Edifiée dans la première moitié du XIIe siècle, la cathédrale de Tournai se distingue par une nef romane d’une ampleur exceptionnelle, par la grande richesse sculpturale de ses chapiteaux et par un transept chargé de cinq tours annonciatrices de l’art gothique. Reconstruit au XIIIe siècle, le chœur est de pur style gothique.

  • Eglise Saint-Jacques-sur-Coudenberg à Bruxelles

L’histoire de l’église Saint Jacques-sur-Coudenberg remonte au XIIe siècle. Relais sur la route du pèlerinage de Saint Jacques de Compostelle, elle s’intégra dans l’importante abbaye du Coudenberg, de l’Ordre des chanoines réguliers de Saint Augustin. Sur l’emplacement de cette même église, Charles de Lorraine, gouverneur général des Pays-Bas autrichiens sous le règne de l’impératrice Marie-Thérèse, posa en 1776 la première pierre de l’église actuelle, église dont il confia la réalisation aux architectes Guimard et Montoyer. L’église Saint Jacques-sur-Coudenberg est un remarquable exemple du classicisme du XVIIIe siècle en Belgique s’intégrant harmonieusement à la Place Royale.

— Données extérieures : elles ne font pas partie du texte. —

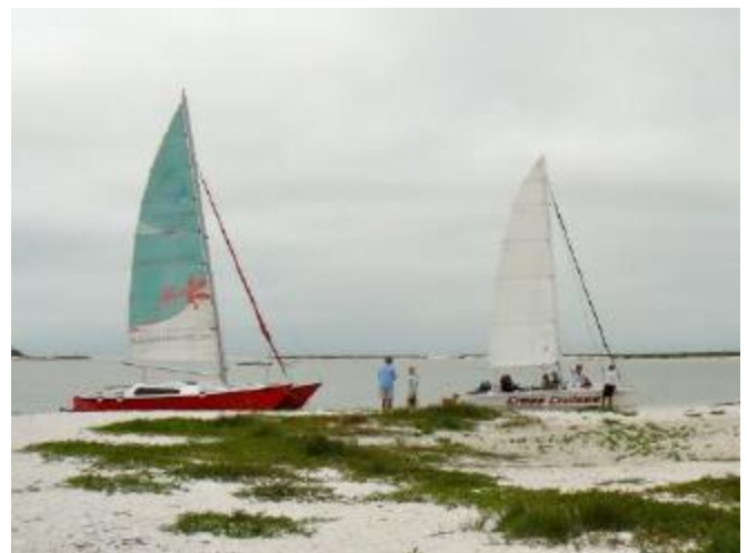
Marco Island trip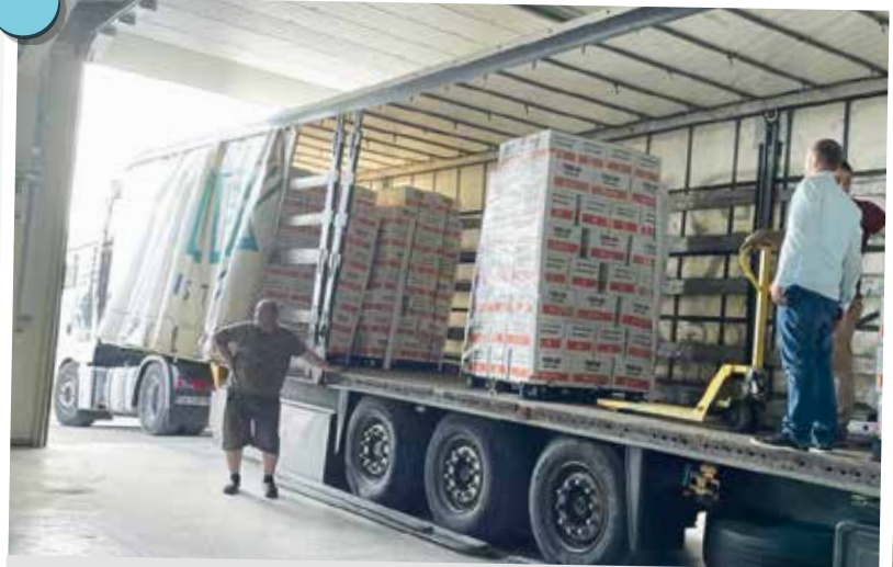
A 40-foot container of dried potatoes is unloaded in Romania, to be sent in smaller vehicles into Ukraine.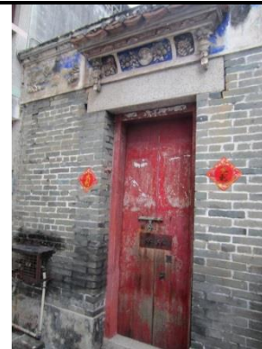
No.17, Tin Sam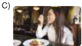
The girl is at the library.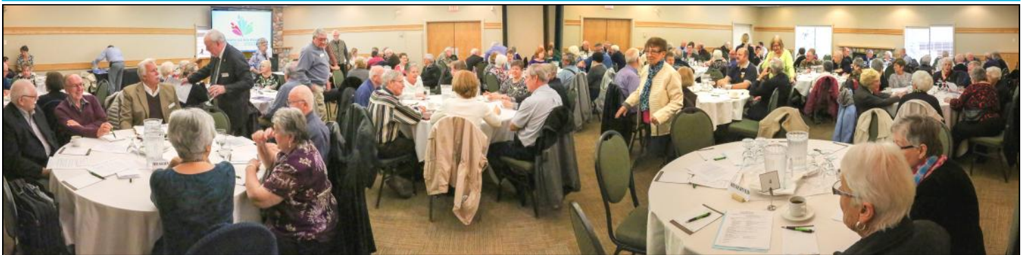
Annual General Meeting in March at Tigh Na Mara Resort, Parksville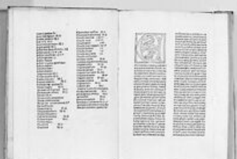
An open book showing two pages of text, possibly a manuscript or a printed book.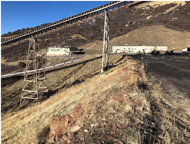
Slope below D Portal bench

Number of Partial Inspection this Fiscal Year: 5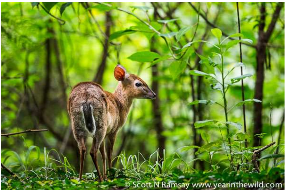
A suni antelope, another rare species found only in the forest regions of the south-eastern parts of Southern Africa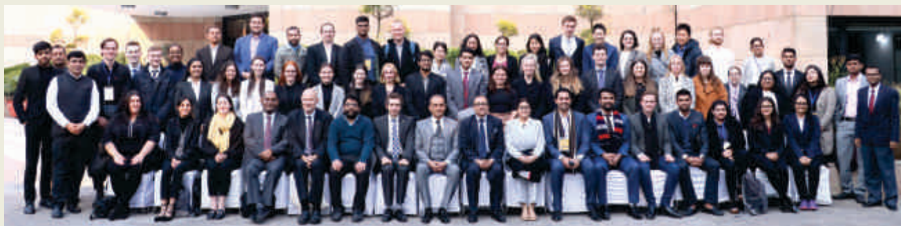
The faculty & students from Australian Universities (Deakin, La Trobe, Monash, Murdoch, RMIT, New England, New South Wales & Wollongong) and O.P. Jindal Global University, Gurgaon visited SSIFS on 10 January 2020.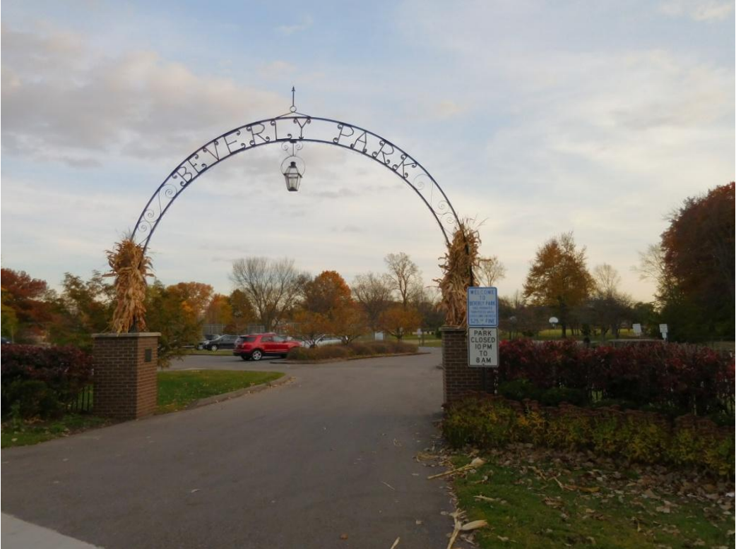
BEVERLY PARK ENTRANCE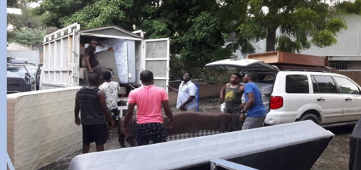
Helpers from Haiti Teen Challenge and Celebrate Recovery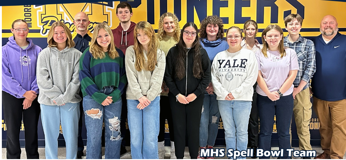
MHS Spell Bowl Team

After a successful season, the MHS Spell Bowl team has advanced to state finals and will compete Nov. 11 at Purdue University. While MHS has had other academic teams at State, this is their first Spell Bowl team at the finals.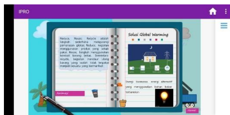
Figure 4. Explanation writing solution of global warming.

This animated snippet shows the impact of global warming which is displayed with an animation along with an audio explanation. The impact of global warming contains material with the contents of melting glaciers, extreme weather accompanied by its effects such as drought and flooding in parts of the world, besides that sea level increases. The real impact on humans is crop failure, the spread of disease for humans. This explanation is expected to help humans understand that global warming has a fatal impact on everyday life.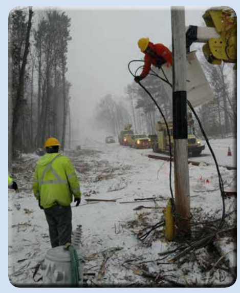
Linecrews were busy in March after storms caused downed trees and power lines.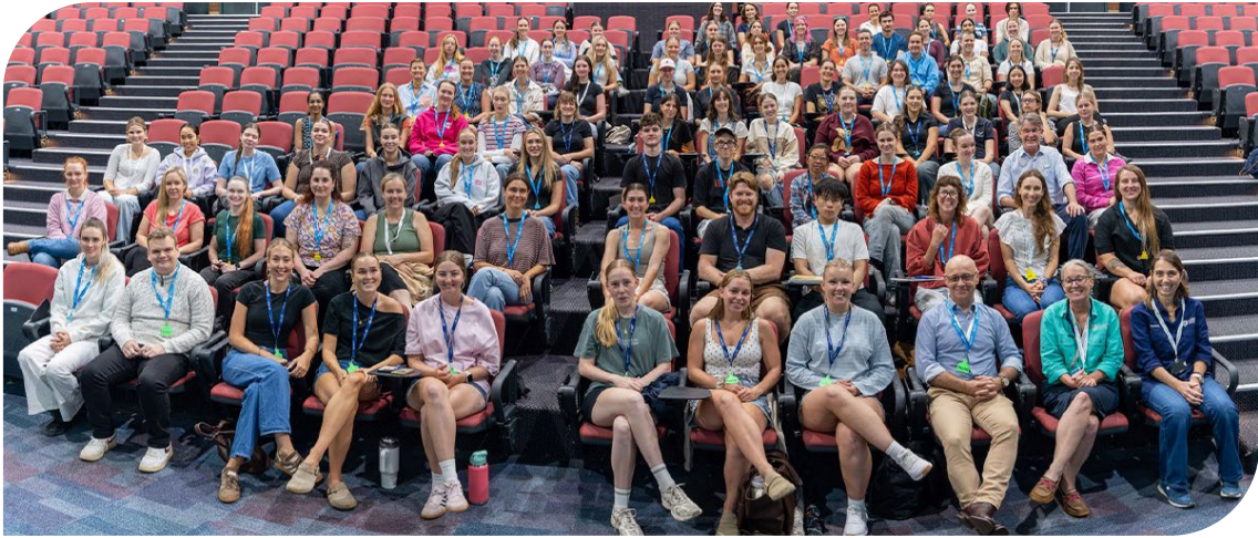
First cohort of Veterinary Medicine students at Northern Rivers campus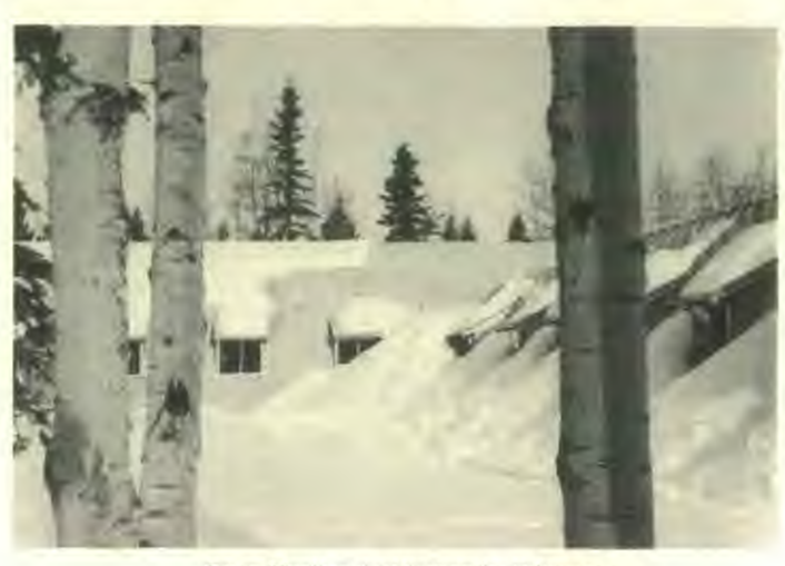
Camp Meeting Auditorium in February.

  • Eglise Saint-Remacle de Marche-en-Famenne

L’église tire son nom de l’abbaye Saint-Remacle, de Stavelot, qui était propriétaire des lieux du 9e au 11e siècle. Témoin de l’école gothique mosane dans la région, l’église (vers 1500) offre une architecture remarquable. Monument classé, elle présente un plan de composition simple et lisible, avec une robuste tour (chronogramme de 1715) surmontée d’une flèche (reconstruite en 1818-20) en forme de cloche surmontée d’un bulbe.
Datant du bas moyen-âge, le gros oeuvre de l’église montre les influences du gothique flamboyant de cette époque, avec déjà une inspiration Renaissance. Encore visibles sur beaucoup de piliers, de nombreuses marques gravées servaient à l’origine de repères quant au mode d’assemblage des pierres et à l’identité des ouvriers qui les avaient façonnées.